Energy Boom Fuels American Manufacturing

Nov 20, 2012

The LyondellBasell Industries Bayport Polymers Plant in Pasadena, Texas uses natural gas to make plastics. Photographer: Aaron Sprecher/Bloomberg.

Natural gas is more than just fuel for ovens baking delicious Twinkies. It and oil produced from shale could be the catalyst for American manufacturing.

In the Wall Street Journal, Carlyle Group co-founder and co-CEO William E. Conway, Jr. writes that energy is one reason why he’s bullish on the United States:

Meanwhile, the discovery and production of new sources of crude oil and shale gas is lowering energy prices, jolting the U.S. into a new energy revolution. This development will lower costs and drive growth in U.S. manufacturing.

A new study on global manufacturing from the McKinsey Global Institute [via Wonkblog] also expects this new energy production to help:

This shift in energy cost has the potential to rewrite the economics of industries such as basic metals, paper and pulp, mineral products, chemicals, and rubber and plastics. In these industries energy costs can be 10 to 30 percent of value added. These industries account for 22 percent of jobs and 28 percent of value added in the US manufacturing sector.

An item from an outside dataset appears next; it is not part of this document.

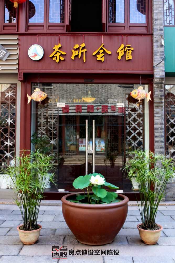 深紅色調(diào)打底,配上燙金大字"茶所會(huì)館"。傳統(tǒng)又不失氣勢(shì),路過都忍不住多看兩眼。門口那對(duì)魚形掛飾太靈動(dòng)了,寓意吉祥還超有辨識(shí)度。

To understand how natural gas is used to produce other products, listen to this NPR conversation with George Blitz, Dow Chemical’s vice president of energy and climate change.

Boosting manufacturing is more than wishful thinking. Economist Mark Perry points out that we’re already seeing new jobs because of this energy abundance:

In several early signs of a turnaround for energy-intensive industries, chemical manufacturing employment increased in 2011 for the first time since 1997 and primary metal manufacturing (iron and steel) employment increased in two consecutive years (2010 and 2011) for the first time since the mid-1990s.

Since shale energy is creating new jobs in the manufacturing and energy sectors it shouldn’t be a shock that the energy boom is popular at the local and state levels according to USA Today. The last thing needed is a redundant set of rules from federal regulators that would halt the continued development of shale energy.